Billing cycles begin on the day this Agreement is mutually signed, but the regular occurring billing date may be moved by DM to date of the onboarding call or any other date DM determines is best for DM. DM will use commercially reasonable efforts to have the monthly billing date be the same date each month. Payment is due in advance of the services to be provided in the upcoming month (or billing period) within five (5) days of receipt of the bill. Payments not timely received may be sent by DM to collections at any time. Non-payment may result in a cease of services. Upon 30 days of nonpayment DM reserves the right to shut down any website built, revised or otherwise created pursuant to this Agreement.

VII. Privacy Policy

Your privacy is very important to us, which is why DM created a separate Privacy Policy in order to explain in detail how DM collects, manages, processes, secures, and stores your private information. DM’s privacy policy is included under the scope of this User Agreement. To read our privacy policy in its entirety, please visit DM’s website at dispensemarketing.com

VIII. Limitation of Warranties

By using tools, platforms, or services offered through DM and/or DM’s website, you understand and agree that all Resources we provide are "as is" and "as available". This means that DM does not represent or warrant to you that:

  • a.  The use of our Resources will meet your needs or requirements.
  • b.  The use of our Resources will be uninterrupted, timely, secure, or free from errors.
  • c.  The information obtained by using our Resources will be accurate or reliable, and
  • d.  Any defects in the operation or functionality of any Resources DM provides will be repaired or corrected.
  • e.  Any content downloaded or otherwise obtained through the use of our Resources is done at your own discretion and risk, and that you are solely responsible for any damage to your computer or other devices for any loss of data that may result from the download of such content.
  • f.  No information or advice, whether expressed, implied, oral or written, obtained by you from DM or through any Resources DM provides shall create any warranty, guarantee, or conditions of any kind, except for those expressly outlined in this User Agreement.

IX. Indemnification

You agree to indemnify and hold harmless DM and Affiliates, and their directors, officers, managers, employees, donors, agents, and licensors, from and against all losses, expenses, damages and costs, including reasonable attorneys' fees, resulting from any violation of the User Agreement (including any agreements incorporated by reference such as The Digital Packages, Privacy Policy and the Client Commitment Statement) or the failure to fulfill any obligations relating to your account incurred by you or any other person using your account. DM reserves the right to take over the exclusive defense of any claim for which DM is entitled to indemnification under this User Agreement. In such event, you shall provide us with such cooperation as is reasonably requested by Client.

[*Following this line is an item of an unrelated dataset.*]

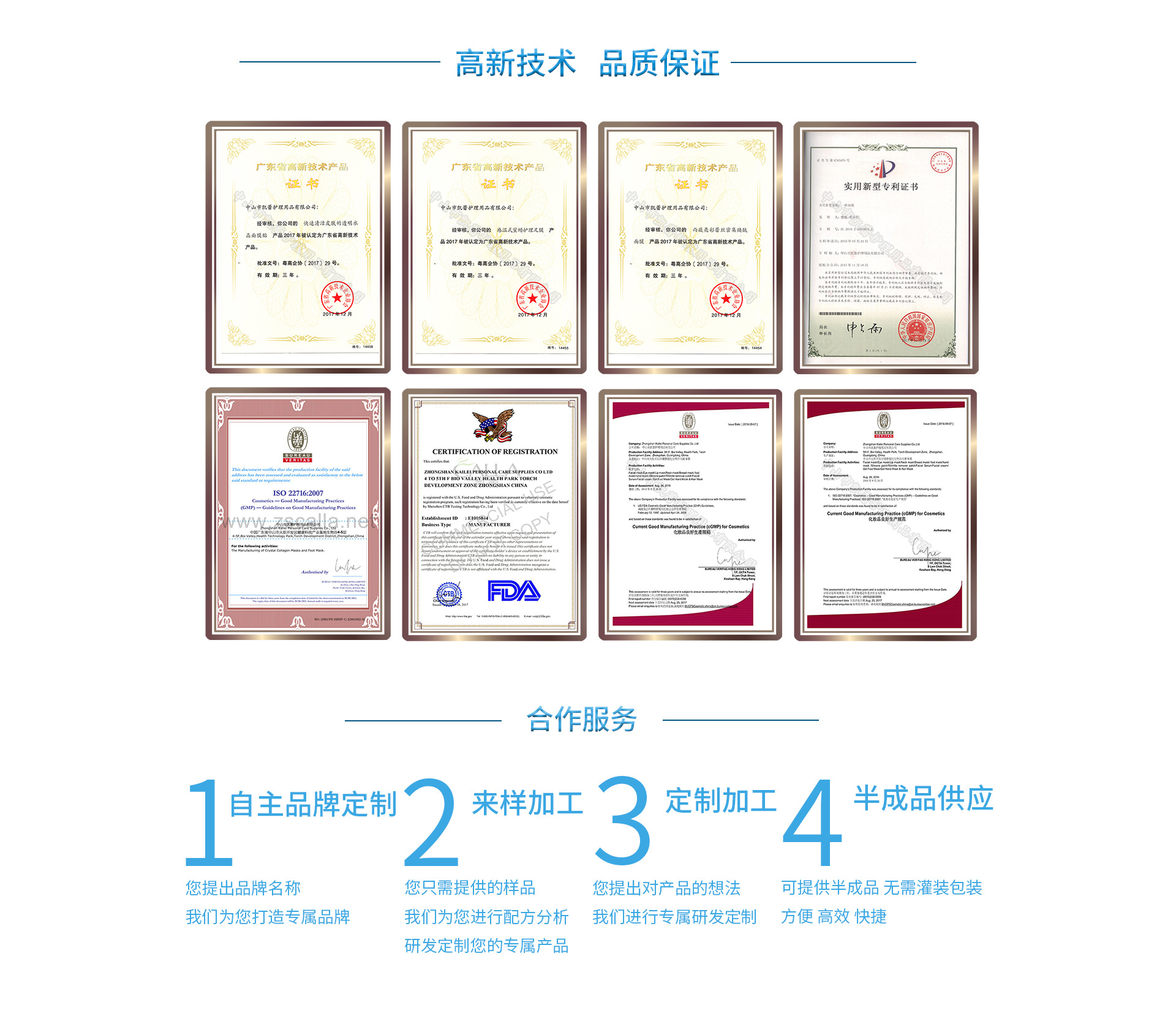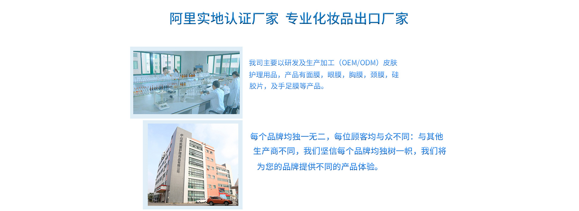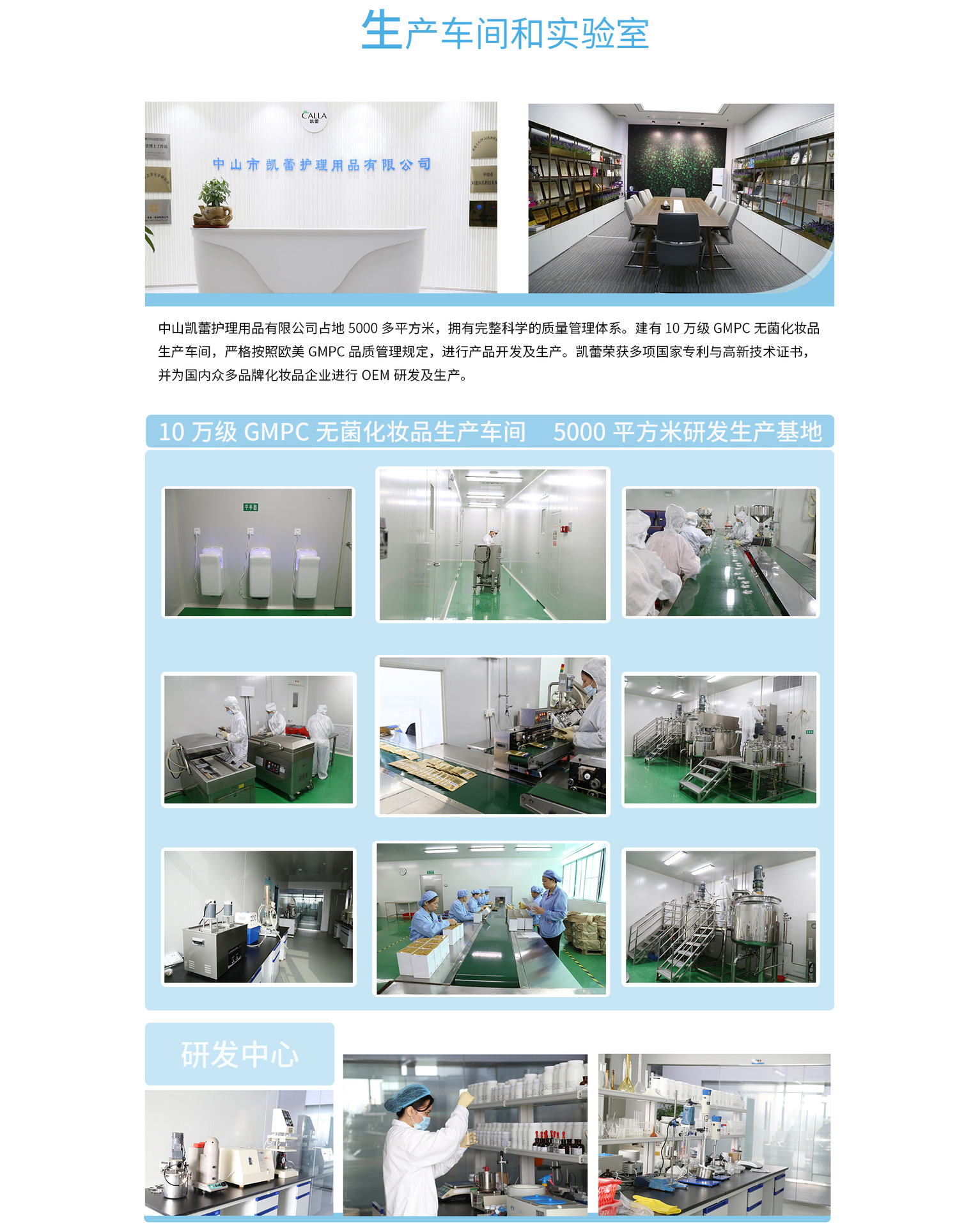 中山市凱蕾護(hù)理用品有限公司成立于2007年,位于南朗鎮(zhèn)華南現(xiàn)代中醫(yī)藥城,是一家致力于護(hù)膚、消毒,防護(hù)、創(chuàng)傷病變護(hù)理用品研發(fā)與生產(chǎn)的科技型企業(yè)。同時(shí)也是惠譽(yù)生物醫(yī)學(xué)研究院博士工作站、中山市應(yīng)用化學(xué)研究所及再生醫(yī)學(xué)轉(zhuǎn)化研究中心的定點(diǎn)合作單位,于2017年被評(píng)定為廣東省高新技術(shù)企業(yè)。在雄厚的科研團(tuán)隊(duì)帶領(lǐng)下,我們擁有多項(xiàng)專利,這十幾年來與國、內(nèi)外眾多知名品牌進(jìn)行了深入的OEM/ODM品牌代工合作。 為擴(kuò)大產(chǎn)能,2018年從德國購置先進(jìn)的生產(chǎn)設(shè)備,引進(jìn)韓國技術(shù),打造十萬級(jí)GMP無塵生產(chǎn)車間,同時(shí)也通過了化妝品行業(yè)的國際標(biāo)準(zhǔn)ISO 22716管理體系,擁有BSCI、美國FDA、GMPC、CPSR、SGS等國際認(rèn)證 。

X. Limitation of Liability

In conjunction with the Limitation of Warranties as explained above, you expressly understand and agree that any claim against DM shall be limited to the amount you paid DM, if any, for use of DM products and/or services. DM and Affiliates will not be liable for any direct, indirect, incidental, consequential or exemplary loss which may be incurred by you as a result of using DM’s Resources, or as a result of any changes, data loss or corruption, cancellation, loss of access, or downtime to the full extent that applicable limitation of liability laws apply.

XI. Intellectual Property

All content and materials available on dispensemarketing.com and Affiliate sites, including but not limited to text, graphics, website name, code, images and logos are the intellectual property of DM and Affiliates, and are protected by applicable copyright and trademark law. Any inappropriate use, including but not limited to the reproduction, distribution, display or transmission of any content on this site is strictly prohibited, unless specifically authorized by DM. Client does not own any work product built, formed, created or otherwise unless Client has timely paid for all services of DM, instead, all such work product shall be the property of DM.

XII. General Provisions

  • a. No Joint Venture  - This Agreement will not create a joint venture, partnership or other formal business relationship or entity of any kind, or an obligation to form any such relationship or entity. Each Party will act as an independent Party and not as an agent of the other Party for any purpose, and neither will have the authority to bind the other.
  • b. Governing Law  - All questions concerning the construction, validity, enforcement and interpretation of the Agreement will be governed by and construed and enforced in accordance with the laws of the State of Wyoming, without regard to the principles of conflicts of law that would require or permit the application of the laws of any other jurisdiction. The parties hereby waive all rights to a trial by jury. If either party will commence an action or proceeding to enforce any provisions of the Agreement, then the action shall be filed in the county of Sheridan, Wyoming (and each party consents to such venue) and the prevailing party in such action or proceeding will be reimbursed by the other party for its reasonable attorneys’ fees and other costs and expenses reasonably incurred in connection with the investigation, preparation and prosecution of such action or proceeding.
  • c. Authority  - Each Party to the Agreement hereby represents and warrants that the person(s) executing the Agreement on its behalf has full authority and power to execute and enter into the Agreement and that it shall be binding upon execution and delivery.
  • d. Waiver  - Waiver of any breach of the Agreement shall not be a waiver of any subsequent breach nor shall it be a waiver of the underlying obligation.
  • e. Severability  - The invalidity or unenforceability of any provision of the Agreement shall not affect the validity or enforceability of any other provision of the Agreement, which shall remain in full force and effect.
  • f. Amendments  – Unless otherwise permitted by this Agreement, all amendments to Agreement must be in writing and signed by the Party to be bound.
  • g. Counterparts  - This Agreement may be executed in counterparts and transmitted via facsimile or electronic document format, a copy of which shall constitute an original. The parties agree that this Agreement may be electronically executed (including scanned signatures or DocuSigned signatures) and such signatures shall constitute as original.
  • h. Integration - This Agreement contains the entire agreement and understanding of the Parties, and supersedes all prior and contemporaneous agreements, term sheet, letters, discussions, communications and understandings, both oral and written, which the Parties acknowledge have been merged into the Agreement. No Party, representative, attorney or agent has relied upon any collateral contract, agreement, assurance, promise, understanding or representation not expressly set forth herein. The Parties hereby expressly waive all rights and remedies, at law and in equity, directly or indirectly arising out of our relating to, or which may arise as a result of, any person’s reliance on any such assurance outside this written Agreement.